On the way up the winding road the seven-story original headquarters building appeared through the woods. The parking lot in front was full this afternoon.
“I’ve never been out here before,” Lise said. “But it looks just like in the movies.”
“I don’t know how long I’ll be, so there’s no need for you to wait.”
“Lenz told me to stick with you.”
“Well, you can’t come inside, so tell him that,” Wolf said. She was a sharp girl, but naïve. “Tell him I gave you a direct order.”
She pulled up in front. “Are you going to come to the embassy afterward?”
He had to laugh. “No, but don’t tell him that. He’ll probably have a heart attack.”
“I wish,” she said.
“Drop my bag off at the gatehouse, if you would,” Wolf said, and he went up the broad stairs and into the big marble lobby, the CIA’s logo in the floor.
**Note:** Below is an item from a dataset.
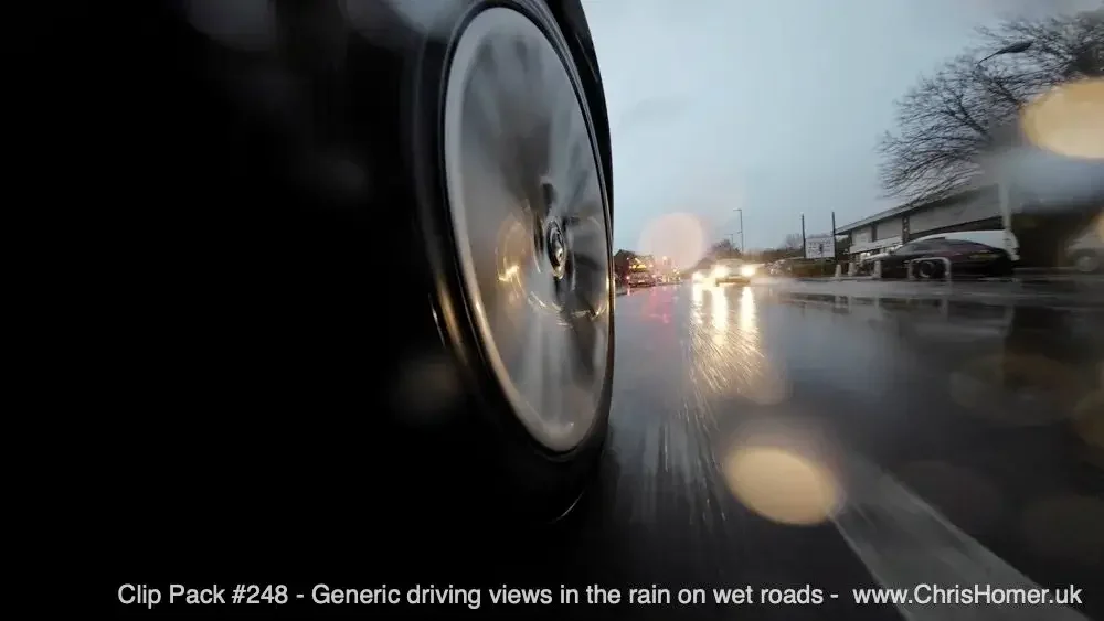 A collection of 11 high-quality 4K UHD clips showcasing various driving scenes on wet British roads in the rain. This 4-minute 27-second stock footage pack (1.76GB) includes a mix of driver’s POV shots, close-ups of wheels splashing through puddles, and traffic moving through rainy conditions.
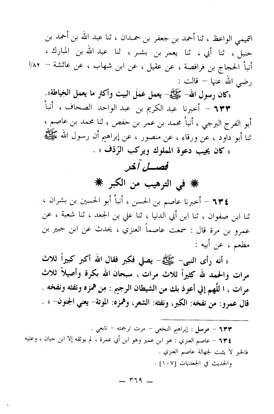 633- أخبرنا عبد الكريم بن عبد الواحد الصحاف، أنبأ أبو الفرج البرجي، أنبأ محمد بن عمر بن حفص، ثنا محمد بن عاصم، ثنا أبو داود، عن ورقاء، عن منصور، عن إبراهيم أن رسول الله صلى الله عليه وسلم:

A very attractive woman in her mid- to late thirties, short dark hair, blue eyes, and a voluptuous movie-star figure came across to him. She was dressed in khaki slacks, a white blouse, and a dark blue blazer. “I’m Pete Boylan. You must be Wolfhardt Weisse.”
“I am,” Wolf said and they shook hands. Hers was tiny compared to his, but it was cool and her grip was firm. High marks in his estimation.
She handed him a visitor’s pass on a lanyard. “You look like you could use some sleep.”
“I don’t get much on airplanes.”
“I’ll make this as brief as possible, but there might be someone else who wants to have a word with you.”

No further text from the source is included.